Buon giorno sono Maria Piubeni, una studente di infermieristica. Durante l’anno accademico i nostri docenti ci hanno dato diverse opinioni riguardo l’utilizzo della tecnica dell’irrigazione nel trattamento delle ferite chirurgiche. Facendo una ricerca in internet ho trovato che le ultime pubblicazioni riguardo il tema delle irrigazioni sono del 2006, per cui mi chiedevo quale fosse la vostra opinione e quali siano gli ultimi aggiornamenti riguardo l’irrigazione della ferita chirurgica.

Grazie per la vostra attenzione

Maria Piubeni

 

 

Cara Maria,

ti ringrazio per la richiesta e per la curiosità nell’argomento.

Esistono molte linee guida, vari studi condotti e documentati che puoi trovare nella ricchissima piattaforma PubMed, dove potrai scoprire molte risposte sia alla tua domanda sia per tutto quello che la nostra professione affronta.

Parliamo in maniera sintetica di quello che chiedi.

L’irrigazione di ferita è una delle pratiche più importanti che possiamo effettuare.

Le soluzioni utilizzate per l’irrigazione della ferita servono per rimuovere detriti e batteri, per poter eseguire un’ispezione visiva, per prevenire l’infezione, diminuire la carica batterica e promuovere la guarigione.

Le soluzioni utilizzate sono le seguenti:

  • Soluzione fisiologica 0,9%
  • Acqua sterile
  • Acqua potabile (di rubinetto)
  • Soluzione diluita con 1% iodopovidone

Tutte le ferite devono essere considerate contaminate, quindi soggette alla presenza di batteri.

Le uniche soluzioni per l’irrigazione delle ferite con controindicazioni assolute sono quelle che contengono iodio. Le soluzioni a base di iodio, come ad esempio 1% iodio-povidone, non deve essere usato, ovviamente, in pazienti che presentano allergia. Inoltre, noi operatori dobbiamo tenere in considerazione che l’assorbimento sistemico di iodio aumenta con il tessuto danneggiato. Di conseguenza, queste soluzioni dovrebbero essere evitate in donne in gravidanza, neonati e pazienti con disturbi della tiroide.

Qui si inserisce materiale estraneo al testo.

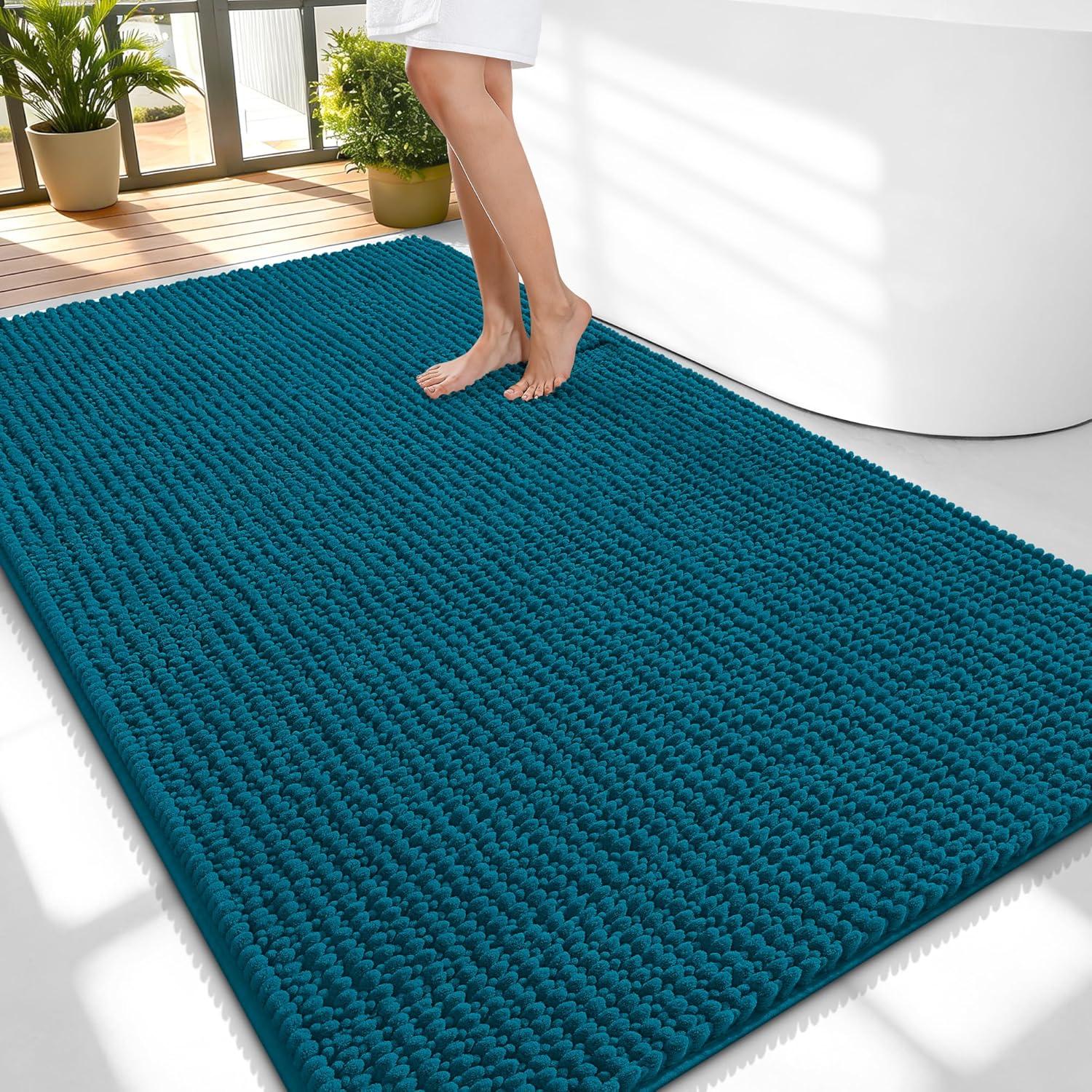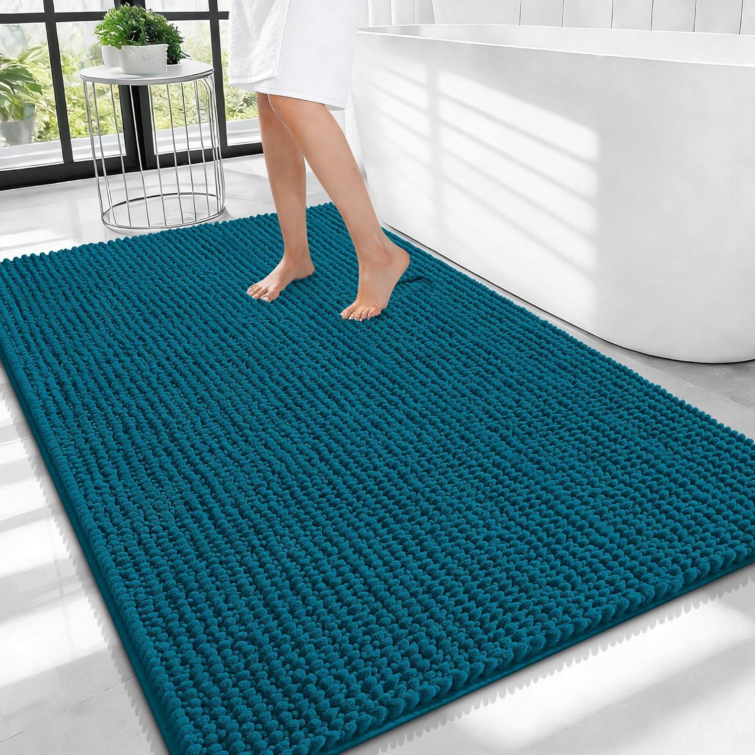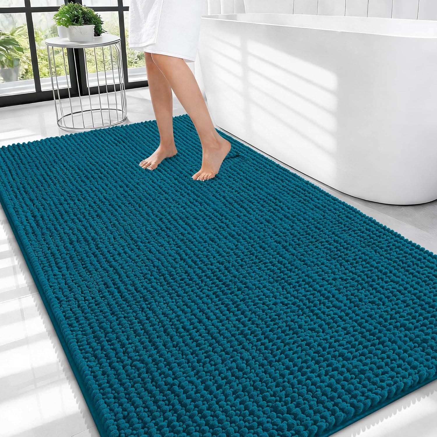 OLANLY Thick Bathroom Rugs 30×20, Extra Soft Absorbent Chenille Bath Rugs, Rubber Backing, Machine Wash Dry, Bath Mats for Bathroom Floor, Tub and Shower, Home Decor Accessories, Grey(Peacock Blue)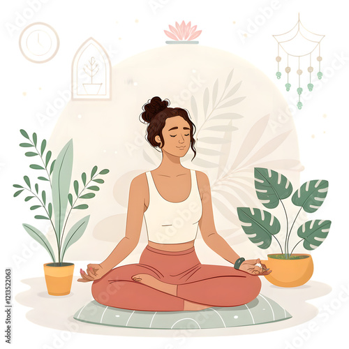 It is a peaceful scene of a person meditating in a calm pose, radiating mindfulness and inner balance in a serene setting.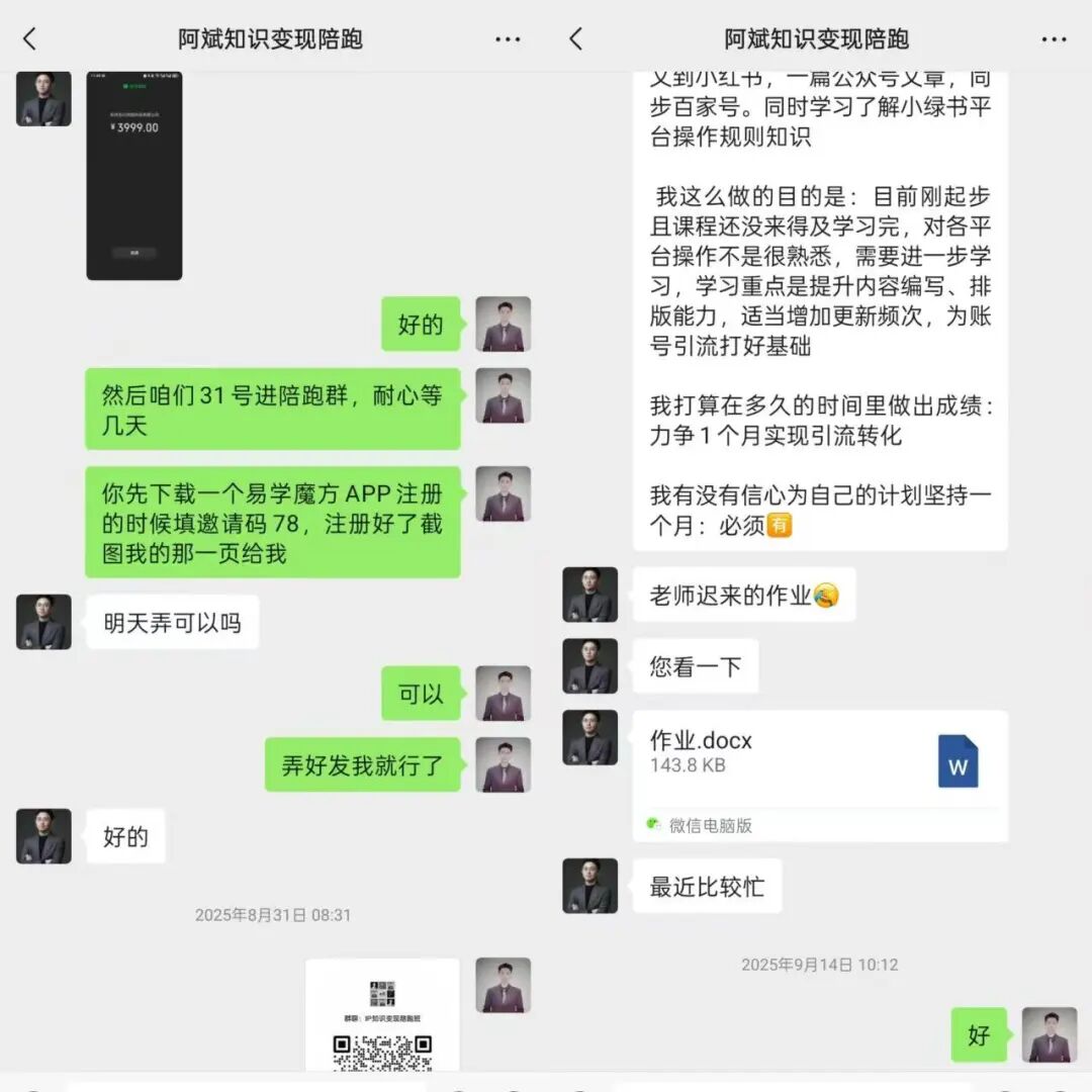 因为有负债压力大,那时候他晚上在烧烤店上班,早上下班了又花两三个小时的时间操作网盘这个项目,人一旦没了退路那挣钱的欲望和执行力就起来了,去年8月份我开第6期知识变现陪跑班的时候,阿斌又再次报名加入。
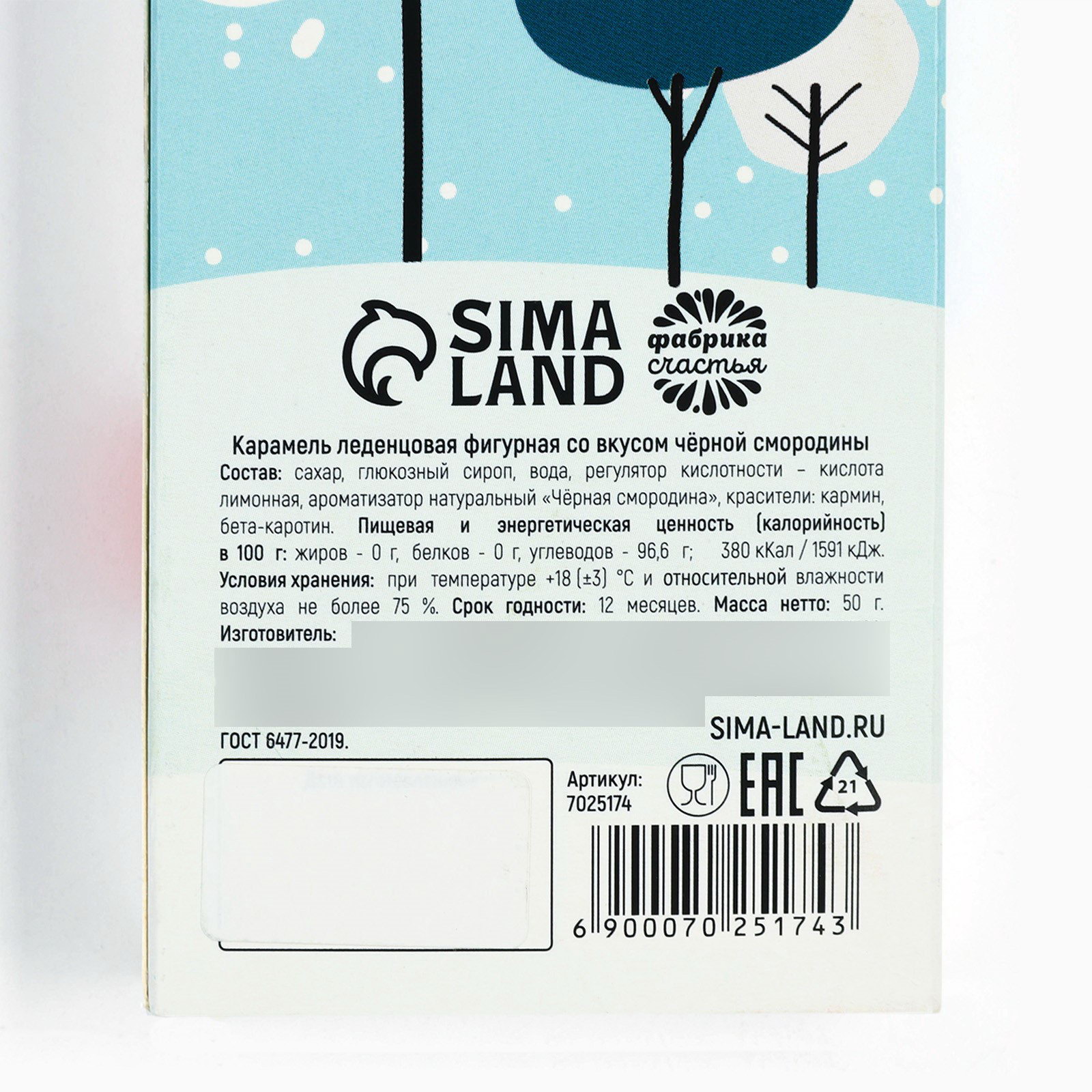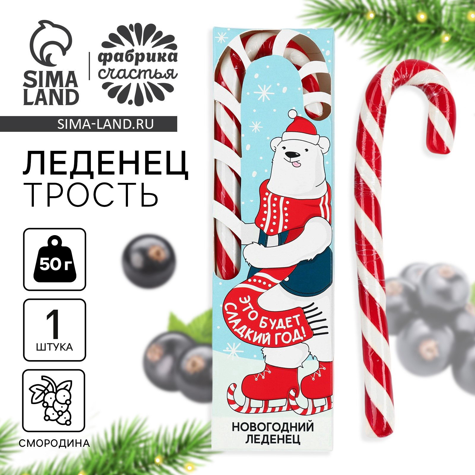 Леденец-трость "Год без забот", вкус: смородина, 50 гр, Фабрика счастья, Россия

Gli studi che confrontano le soluzioni utilizzate per l’irrigazione, spesso mostrano risultati contrastanti; tuttavia, l’irrigazione ad alta pressione permette la diluzione della carica batterica diminuendo così il tasso d’infezione.

Soluzione fisiologica

In assenza di uno standard per il trattamento, visto la presenza di molte linee guida, la preferenza attuale è l’irrigazione con soluzione fisiologica 0,9% applicata con una siringa e paraspruzzi.

siringa paraspruzzi

Acqua sterile

Pochi studi hanno valutato l’impiego di acqua sterile come soluzione di irrigazione ferita. Questi studi non hanno rilevato alcuna differenza statistica tra l’irrigazione con acqua sterile e la soluzione fisiologica.

Acqua Potabile (di rubinetto)

La letteratura attuale non ha trovato differenza nei tassi di infezione della ferita in situazioni di emergenza quando si usa acqua di rubinetto potabile.

La preoccupazione era che l’acqua di rubinetto potesse introdurre batteri in una ferita già contaminata. Tuttavia, gli studi non hanno dimostrato aumenti di infezione e differenza dei tassi di guarigione nelle ferite irrigate con acqua di rubinetto rispetto alla Soluzione Fisiologica.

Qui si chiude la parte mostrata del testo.